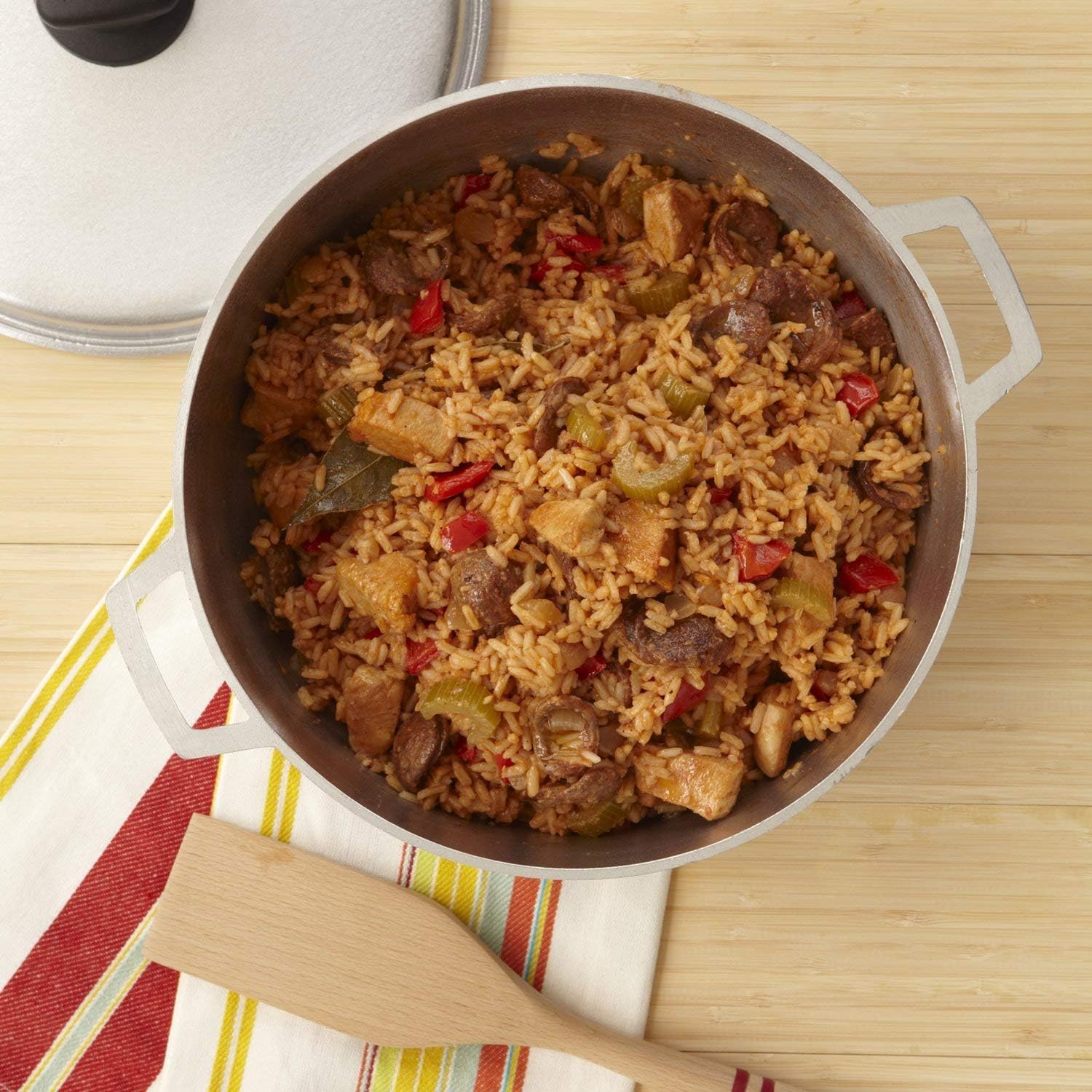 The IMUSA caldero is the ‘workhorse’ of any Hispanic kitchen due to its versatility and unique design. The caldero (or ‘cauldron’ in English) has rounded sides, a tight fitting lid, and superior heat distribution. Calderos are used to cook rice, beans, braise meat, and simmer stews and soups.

...

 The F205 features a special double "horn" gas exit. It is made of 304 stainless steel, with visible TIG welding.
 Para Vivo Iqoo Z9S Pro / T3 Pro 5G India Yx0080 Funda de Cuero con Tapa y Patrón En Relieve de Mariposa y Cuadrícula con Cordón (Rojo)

TASK GOAL: Starting at the line above that holds "The F205 features" and ending at the line that holds "Para Vivo Iqoo", transcribe each line exactly and include no other lines.

OUTPUT BELOW:
 The F205 features a special double "horn" gas exit. It is made of 304 stainless steel, with visible TIG welding.
 Para Vivo Iqoo Z9S Pro / T3 Pro 5G India Yx0080 Funda de Cuero con Tapa y Patrón En Relieve de Mariposa y Cuadrícula con Cordón (Rojo)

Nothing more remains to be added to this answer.